Из «Прямой линии» с читателями «Известий»

Без аплодисментов актер не может, они входят необходимой частью в его профессию и судьбу. Они важны и для публики: в театре финальные овации – самый счастливый момент единения зрителей с людьми на сцене, выражение взаимной любви и, главное, взаимного понимания (помните у Киплинга: «Мы одной крови – ты и я!»). Киноактер такими прямыми контактами с публикой обделен: фильм крутится сам по себе, где-то далеко, и нет этих великолепных мгновений, когда шквал аплодисментов останавливает спектакль. Но и актер кино кожей чувствует успех, и любовь, и отторжение, и равнодушие.

Словом «Аплодисменты» Гурченко назвала одну из своих книг, повторив его дважды. Этим словом назван один из ее фильмов, который все принимают за слепок ее собственной судьбы, и только она с этим не соглашалась: ей-то известно, насколько все сложнее и глубже. Она судьбой сделала профессию и ни для чего другого не оставила в своей жизни места – ни для семьи, ни для детей, ни для близких.

Многие за это ее осуждали: не может жить как все люди! Так ведь и все люди, даже навалившись сообща, не сделают сотой доли того, что подарила нам Гурченко, – не умеют.

Судьба наделила ее дарованием уникальным – больше таких актрис на земле нет.

Это я загнул? Это я слишком? А вот посмотрим.

Кто спорит, есть актрисы великолепные, легендарные, грандиозные, великие, гениальные. Есть актрисы драмы, трагедии, комедии, есть танцовщицы, есть певицы, есть клоунессы.

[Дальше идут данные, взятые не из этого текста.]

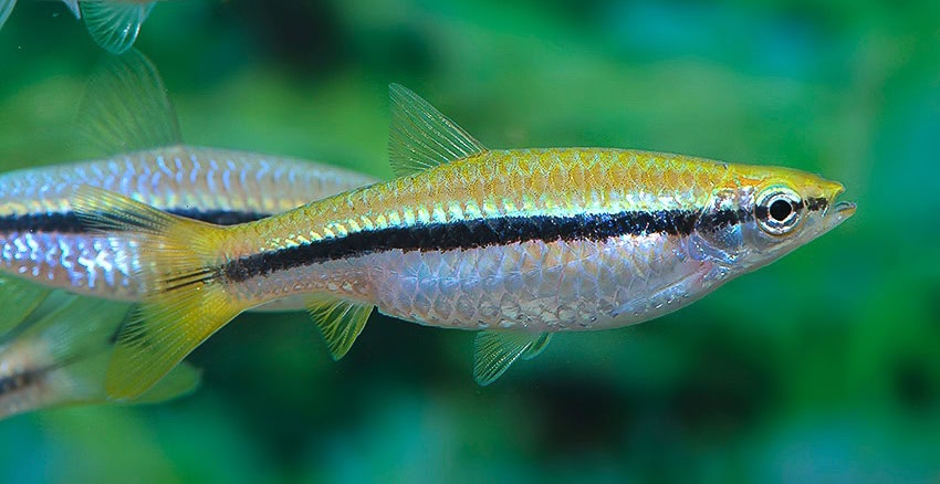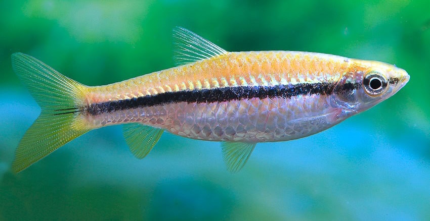 Aus Indien konnte Rasbora daniconius importiert werden. Dieser Bärbling wird in der Regel 6 bis 8 cm lang, wobei das größte bekannte Exemplar angeblich 15 cm erreicht hat. Die Art kommt in Bengalen vor, gemeinsam mit bekannten und beliebten Zierfischen wie dem Zebrabärbling (Danio rerio), Prachtbarbe (Pethia conchonius), Zwergfadenfisch (Colisa lalius) und Blaubarsch (Badis badis). Rasbora daniconius bildet einen hübschen Kontrast im Gesellschaftsaquarium zu den genannten Arten.

Но назовите другую такую, чтобы могла соединить в себе все эти умения, все жанры и виды искусства – и в каждом быть безупречной. Быть танцовщицей, певицей, клоунессой, героиней трагедии, мелодрамы, водевиля, мюзикла, фэнтези, звездой телевизионного шоу…

Легендарная Мэрилин Монро всю жизнь пыталась перейти из музыкального кино в «серьезное» – не вышло. Не вышло и у блистательной Лайзы Миннелли. Вся творческая жизнь главной звезды нашего кино великолепной Любови Орловой укладывается в уголок экранной биографии Гурченко. И нет в мире большой драматической актрисы, которая сумела бы так же свободно одолеть планку мюзикла. В этом смысле к Гурченко приблизилась разве что замечательная и тоже уникальная Одри Хэпберн.

Короче, аналогов нет.

А еще она писала книги – сама, без помощи литературных «негров». Сначала шариковой ручкой, потом – на машинке. Писала песни – и музыку, и стихи к ней, целые фильмы построены на этих песнях. Была сама себе художницей по костюмам – сама их придумывала, сама подбирала ткани, сама шила. Она успешно творила едва ли не во всех видах искусства, исключая разве что скульптуру и живопись. Этот накал творчества, смертельный для любого другого, – для нее был обычным состоянием.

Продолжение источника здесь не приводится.